As a woman who had finally figured out that a traditionally committed relationship wasn't going to be the one for me, I realized I had finally started to feel free. But then, a glitch: people in my life treated me like I had no idea what was best for me. Since I've been open about my belief in non-monogamy, I've had some of the worst, most invalidating conversations in my life.
"You'll change your mind when you find the one."
"You just haven't been in a happy relationship yet."
"Women can't have sex for fun like men can."
"You just think you want an open relationship because you've been told that men cheat."
"Men are the ones that want sex. Women just want love. Wait 'til you get older — you'll see."
These comments haven't just come from people close to me, like close friends or family. While those are hurtful enough, even complete strangers have had the gall to tell me that I wasn't smart enough to know what I actually wanted. Once, in Manhattan, a lady on a bus overhead me talking to a friend about how I didn't want a sexually exclusive romance and scoffed, leaning over to tell me, "All that changes when you get older."

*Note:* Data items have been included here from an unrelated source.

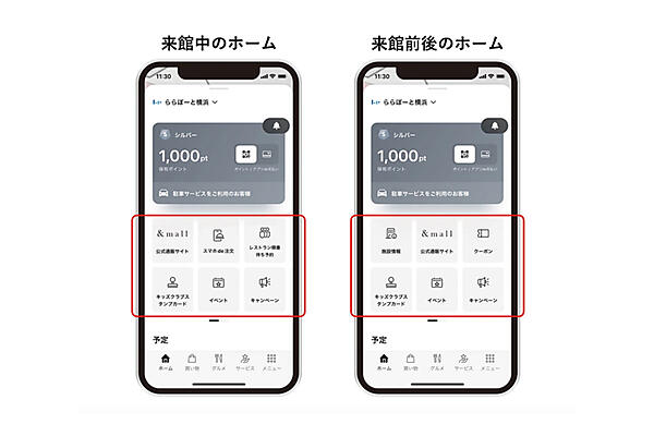 来館中と来館前後で、アプリのトップ画面に表示されるコンテンツを自動切り換えする機能も追加した。これにより、来館前〜来館中〜来館後で、顧客がその時に欲しい情報にアクセスしやすい仕組みになっている。
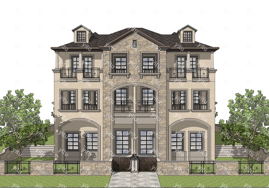 当前的位置:首页 > sketchup > sketchup模型 > 建筑 > 别墅居住 > 欧式联排别墅su模型,别墅sketchup模型下载
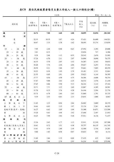 表C8 原住民族就業者每月主要工作收入-按人口特性分(續)
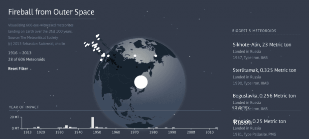 Fireball from Outer Space — это интерактивная визуализация метеоритов, упавших на Землю за последние 100 лет. D3 поддерживает географические проекции, в том числе используемую здесь трехмерную проекцию, что делает его мощным инструментом для картографирования.

These comments weren't just cruel and demeaning; they undercut the tenets of my personal feminist beliefs. For me, non-monogamy was about loosening the reigns on the expectation that I would have to be sexually exclusive, yes, but it wasn’t just about that: it was about thinking critically about what I truly wanted out of life and making a thoughtful, reasoned, well-informed decision for myself by myself. To me, that's what feminism is.
I didn’t feel like non-monogamy was feeding into a misogynistic line of thinking that played up a man’s need for freedom while ignoring my own; it felt like I was discarding what the world had told me thus far about what women should want out of a relationship and instead, writing my own rules. That is, to me, the very definition of feminism: women finally being at the place where they can decide for themselves what they want.
Once, in Manhattan, a lady on a bus overhead me talking to a friend about how I didn't want a sexually exclusive romance and scoffed, leaning over to tell me, "All that changes when you get older."
Realizing there is more to my relationships than just sex gave me a sense of partnership self-discovery. I enjoy the autonomy of being free and open to experiences. I enjoy the deep, true, unadulterated connection that I experience while being honest with my partner about everything I want — including other sexual relationships.
Yes — in my non-monogamous relationship, my partner is “permitted” to engage in several simultaneous sexual bonds. But so, then, so am I — and to me, any structure that allows a woman to choose exactly what she wants should be seen as progress for feminism.
That's why non-monogamy, for me, is a feminist choice. It's exactly what I've decided I want for myself. It has nothing to do with how I'm told I "should" feel in relationships: it has everything to do with what works for me.